「夢みらい応援資金」贈呈式を実施しました
児童養護施設等で育った303名の学びと未来を支える御寄附に感謝
静岡県社会福祉協議会は、令和7年度 赤い羽根課題解決プロジェクト募金による児童養護施設等退所児童への就学等支援事業として、令和8年8月19日、静岡県総合社会福祉会館シズウエルにおいて「夢みらい応援資金」贈呈式を実施しました。多くの皆様から寄せられた御寄附とあたたかな応援メッセージに、心から感謝申し上げます。
本事業は、児童養護施設等への入所措置や里親委託の解除後、自立した生活を送りながら大学等で学ぶ学生や、施設・里親家庭で暮らす中学生・高校生等を対象に、学びの継続を支えることを目的として実施しているものです。

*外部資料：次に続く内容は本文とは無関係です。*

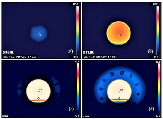 Following the study of the thermalization of the preformed circular steam chamber, we provide four thermographies for the indicated time instants in Figure 10. Through Figure 10c,d, we notice that, at the bottom, a water accumulation (liquid pool) appeared as a consequence of the recovery orifice (black dots in said figures), located 0.03 m above the lower edge of the chamber. It is apparent that similar cases could occur in actual SAGD processes, similar to the lean zone discussed in the Introduction. Therefore, the experimental visualization of this case is of interest [30].
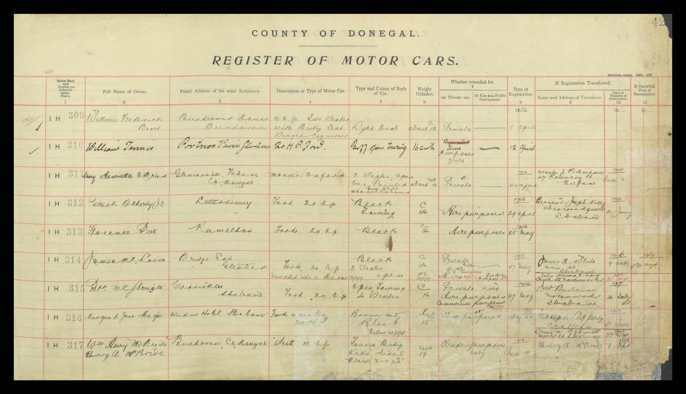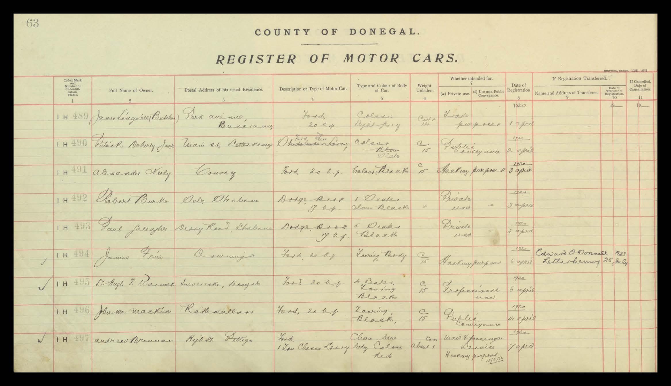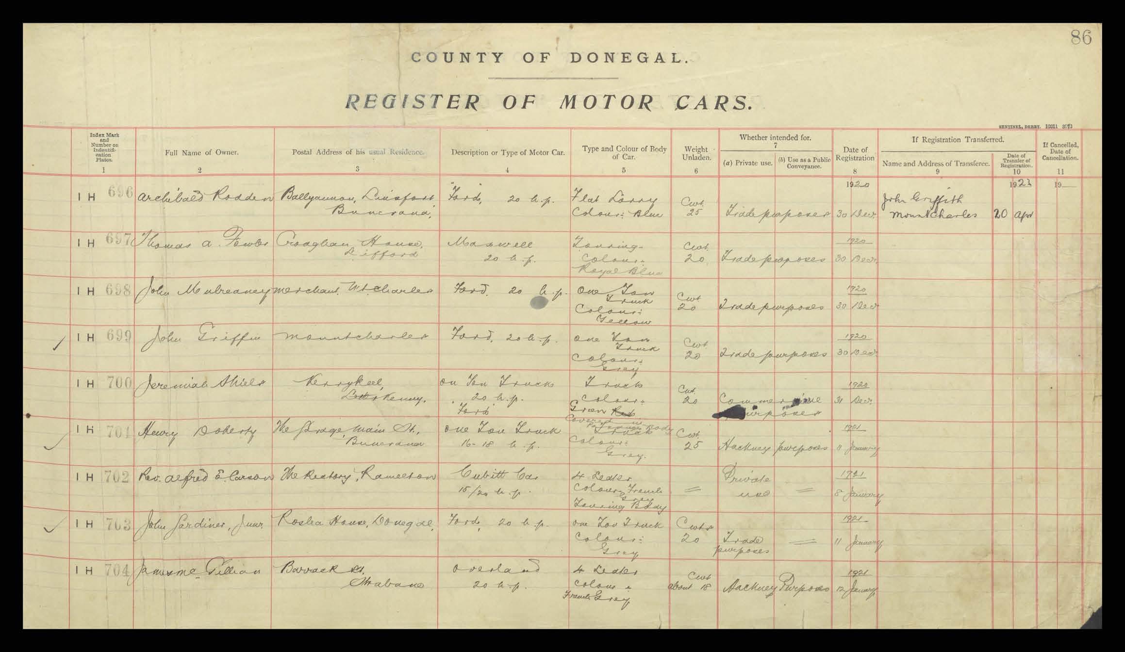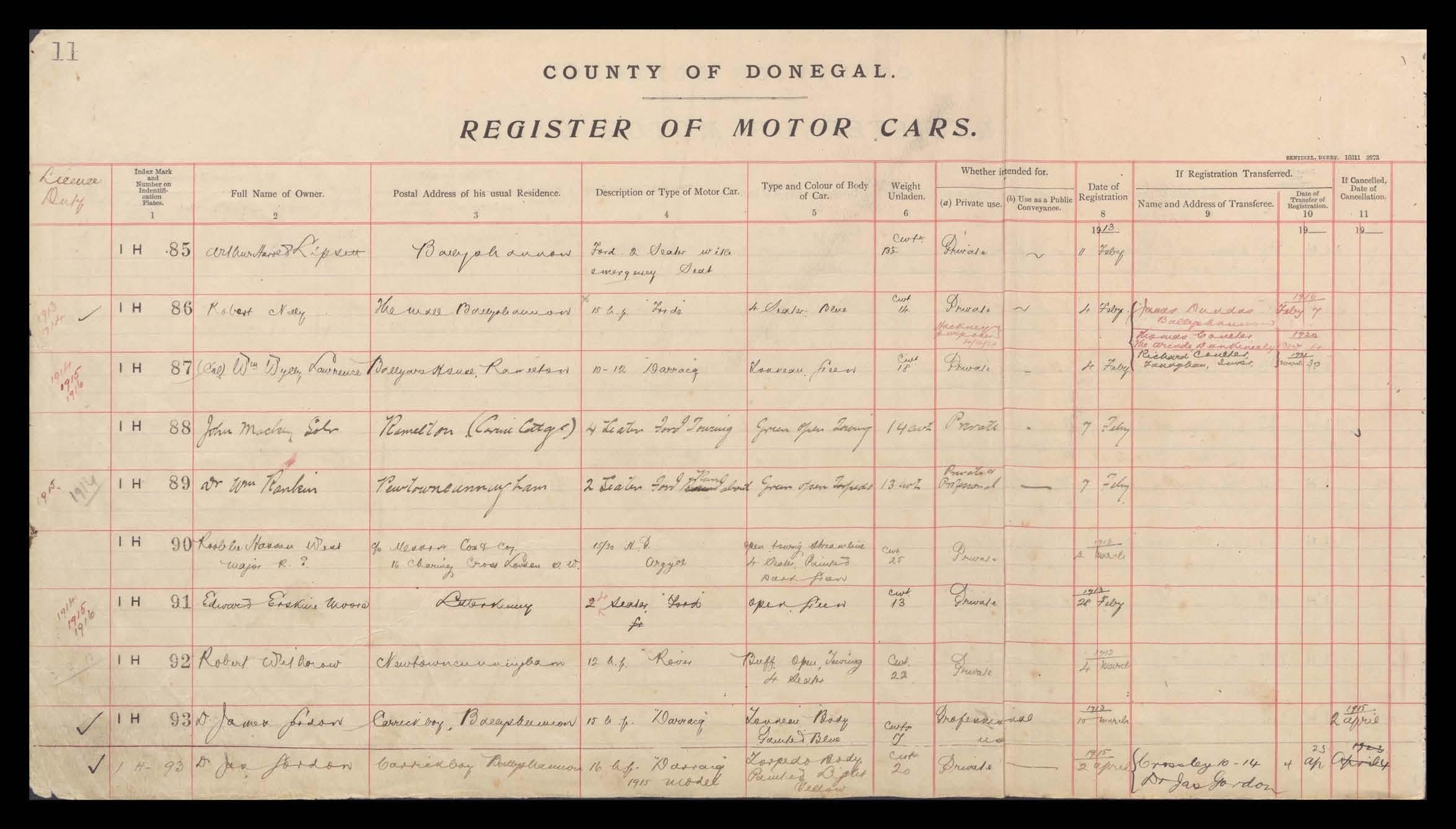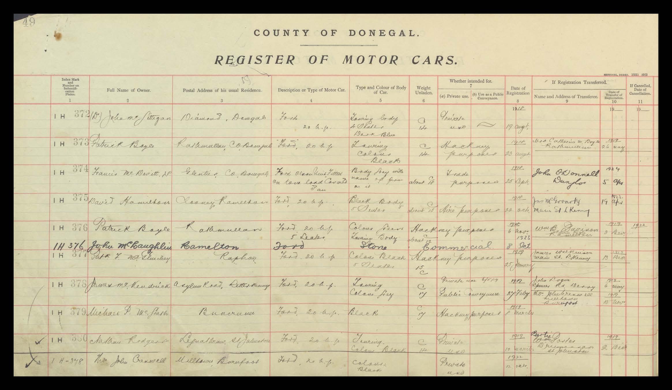Register of Motor Vehicles, 1903 - 1923

寄付を通じて経済的な支援を行うだけでなく、「応援している人がたくさんいる」というメッセージを届けることも大切な目的の一つです。
令和8年1月から3月までの募金では、静岡県共同募金会の「赤い羽根課題解決プロジェクト募金」の仕組みを活用し、8,742,024円の御寄附が寄せられました。前年度の約2.1倍となる大きな御支援をいただき、本事業を支える力となりました。
この御寄附をもとに、本年度は関係機関と連携しながら、303名の学生等に応援資金をお届けしました。あわせて、給付の対象を中学1・2年生、高校を中退した方、大学院で学ぶ方まで広げ、一人あたりの金額も引き上げています。
・措置解除後、大学等に進学し自立生活をしている方 30万円
・措置延長で大学等に進学中の方、自立支援事業対象者ほか 6万5千円
・施設・里親家庭等で暮らす中学生・高校生 1万円
また、御要望を踏まえて給付の時期を前年度より早め、部活動や進学に向けた準備など、学生が必要とする時期に資金を届けられるようにしました。
贈呈式では、応援資金を受け取った学生2名があいさつをしてくれました。
「幼いころは児童養護施設で、中学からは里親家庭で育ちました。高校で気持ちが沈み、生い立ちのせいにしそうになった時期もありましたが、里親が支え続けてくれ、希望していた国立大学に進学することができました。これからは学んだことを社会のために生かしたいです。」
「施設の職員に支えられた経験から、大学で心理学を学んでいます。将来は子どもに関わる仕事に就きたいと思っています。」
自らの経験を率直に語る姿に、会場では涙を流す参加者もいました。
贈呈式には静岡県社会福祉協議会、静岡県児童養護施設協議会、静岡県里親連合会、静岡県、静岡県共同募金会などの関係者が出席し、寄付者の皆さまの想いを必要とする学生たちへ確かに届けていくことを改めて確認する機会となりました。
静岡県社会福祉協議会では、今後も関係機関と連携し、児童養護施設等で育った若者が安心して学び、自らの夢や未来に向かって歩んでいけるよう支援を続けてまいります。御寄附をお寄せくださった皆さま、募金活動を応援してくださった皆さまに、改めて深く御礼申しあげます。
本事業は、静岡県共同募金会の「“赤い羽根”課題解決プロジェクト募金~使いみちを選べる募金~」の仕組みを活用し、皆様からいただいた御寄付により運営されております。